Tuesday, February 26, 2013

We Don't Need None of That There Edumacation


            One of my biggest pet peeves is spelling, or I guess I should say; mis-spelling.  In this technological world where everyone has to speak in 140 character bursts, I realize that the ability to spell is kind of thrown to the wayside.  This does not include people that use numbers and/or symbols instead of letters.  You people are juvenile and ridiculous.  While I have come to grips with the fact that people are not as cognizant of spelling as I am, or that they can’t be given the restrictions of social media (and those tiny keyboards on smartphones, I hate those things), it does officially chap my ass when a “news outlet” commits spelling errors.  You don’t see this too much from those that post regular news reports (even from terrible news groups like Yahoo!) and even sports writers tend to have an editor, or at least a proofreader.  I read a lot of comic book news, and those sites are full of simple, silly mis-spellings, to the point where I often stop reading because of it.  The best way to alienate educated fans is to seem uneducated yourself.

            This brings me to the real point of this post.  A couple weeks ago I threw a tweet out into the twitter-sphere about the lack of education that many of our professional athletes have, and how apparent it is when you hear them speak.  There has been and probably always will be a fight over the value of an education and the ability to earn millions of dollars playing professional sports.  What really irks me is that we have individuals that are becoming the heroes of millions of children, that can’t even put a coherent sentence together for public consumption.  This is rampant across all of the major sports, but I see it most of all in the world of professional basketball, which coincidentally, is where the biggest anti-college argument comes from. 

            Let’s get one thing out of the way first.  If English is not your primary language, you get a bit of a pass.  I can’t fault baseball players from Latin America or basketball players from Europe (or vice versa) if they cannot speak perfectly; just like I would hope that someone from Europe wouldn’t crucify me because my German is sub-par (ie. non-existent).  You can tell when someone is struggling with a language because they are foreign to it and when someone is struggling because they are ignorant and uneducated though. 

            It would be one thing if we just admired these individuals based solely upon their talent, if they were looked upon from afar with a reverence akin to “I wish I could do that”.  Instead, we get to hear them speak.  We get to hear every double negative and slang term that they can cram into a sentence, and we have to be ok with it because we have elevated these individuals (many of them mere children) to a status too lofty for their age and experience.  While it is our fault for putting the individuals in this position to begin with, we are not asking them to give a dissertation on the economy, or to map out complex foreign policy.  The majority of the questions that sportscasters ask are “Hey ‘Player X’, what do you think about the impending trade rumors for ‘Player Y’?”  To which Player X will reply “It ain’t no thing, we don’t need no help.”  I seriously think Microsoft Word took out a hit on me for even typing that last sentence.

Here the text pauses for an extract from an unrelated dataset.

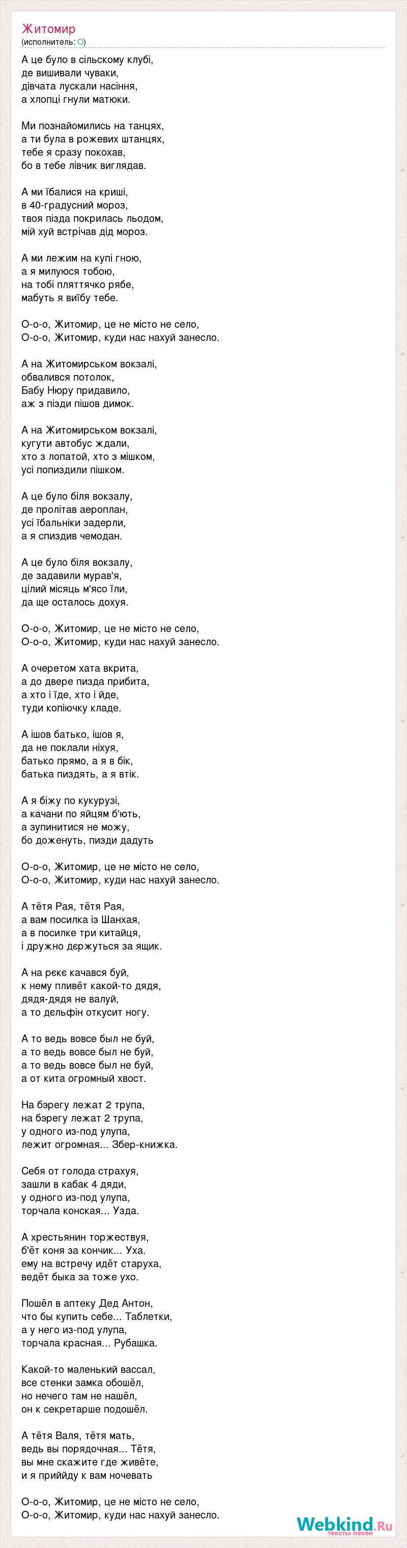 А це було в сільскому клубі, де вишивали чуваки, дівчата лускали насіння, а хлопці гнули матюки. Ми познайомились на танцях, а ти була в рожевих штанцях, тебе я сразу покохав, бо в тебе лівчик виглядав. А ми їбалися на криші, в 40-градусний мороз, твоя пізда покрилась льодом, мій хуй встрічав дід мороз. А ми лежим на купі гною, а я милуюся тобою, на тобі пляттячко рябе, мабуть я виїбу тебе. О-о-о, Житомир, це не місто не село, О-о-о, Житомир, куди нас нахуй занесло. А на Житомирськом вокзалі, обвалився потолок, Бабу Нюру придавило, аж з пізди пішов димок. А на Житомирськом вокзалі, кугути автобус ждали, хто з лопатой, хто з мішком, усі попиздили пішком. А це було біля вокзалу, де пролітав аероплан, усі їбальніки задерли, а я спиздив чемодан. А це було біля вокзалу, де задавили мурав'я, цілий місяць м'ясо їли, да ще осталось дохуя. О-о-о, Житомир, це не місто не село, О-о-о, Житомир, куди нас нахуй занесло. А очеретом хата вкрита, а до двере пизда прибита, а хто і їде, хто і йде, туди копіючку кладе. А ішов батько, ішов я, да не поклали ніхуя, батько прямо, а я в бік, батька пиздять, а я втік. А я біжу по кукурузі, а качани по яйцям б'ють, а зупинитися не можу, бо доженуть, пизди дадуть О-о-о, Житомир, це не місто не село, О-о-о, Житомир, куди нас нахуй занесло. А тётя Рая, тётя Рая, а вам посилка із Шанхая, а в посилке три китайця, і дружно дєржуться за ящик. А на рєкє качався буй, к нему пливёт какой-то дядя, дядя-дядя не валуй, а то дєльфін откусит ногу. А то ведь вовсе был не буй, а то ведь вовсе был не буй, а то ведь вовсе был не буй, а от кита огромный хвост. На бэрегу лежат 2 трупа, на бэрегу лежат 2 трупа, у одного из-под улупа, лежит огромная... Збер-книжка. Себя от голода страхуя, зашли в кабак 4 дяди, у одного из-под улупа, торчала конская... Узда. А хрестьянин торжествуя, б'ёт коня за кончик... Уха. ему на встречу идёт старуха, ведёт быка за тоже ухо. Пошёл в аптеку Дед Антон, что бы купить себе... Таблетки, а у него из-под улупа, торчала красная... Рубашка. Какой-то маленький вассал, все стенки замка обошёл, но нечего там не нашёл, он к секретарше подошёл. А тётя Валя, тётя мать, ведь вы порядочная... Тётя, вы мне скажите где живёте, и я приййду к вам ночевать О-о-о, Житомир, це не місто не село, О-о-о, Житомир, куди нас нахуй занесло.

            This is now the norm, and is now largely accepted by the public as okay.  Why, I will never know.  When did we lower our standards so much as a society that the mouthpieces are now the uneducated.  It used to be that the politicians and business owners would have more clout.  While they were usually morally bankrupt thieves, they were at least able to speak to the public without sounding like they failed out of second grade because coloring was just too hard. 

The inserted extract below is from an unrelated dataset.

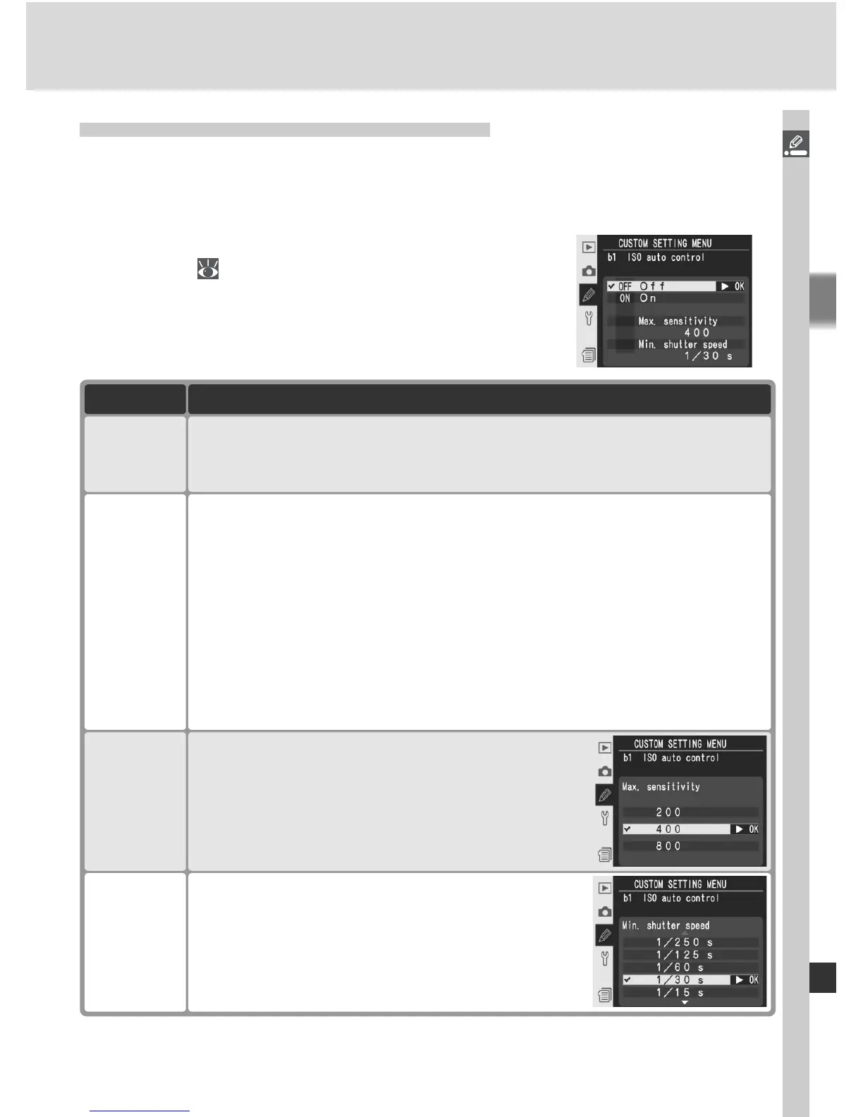 If On is selected for this option, the cam era will au to mat i cal ly adjust ISO sen-

            I love sports as much as the next guy, but it is time we held our athletes to a higher standard.  Basketball stars don’t want to go to college at all because it cuts into their NBA time when they could be making millions of dollars for putting a ball in hoop?  How about having a little self respect for the supposed “education” that you receive (I realize that the education at many sports universities is a joke, but that’s a topic for a different time).  These athletes spend their entire life being told that they are great and apparently have little to no use for learning the proper use of the English language.  This generation is most likely a lost cause.  They won’t change, and they won’t be required to.  The next generation of sports figures needs to realize that they will be the mouthpieces of a society that will continue to get more ignorant based on the people that it looks up to.  This is a fixable problem, but it starts with accountability and putting a premium on education and doing things the right way.  I do not currently have a plan, especially one that will appease the greedy, but it is something that I think we can all put our heads together and accomplish.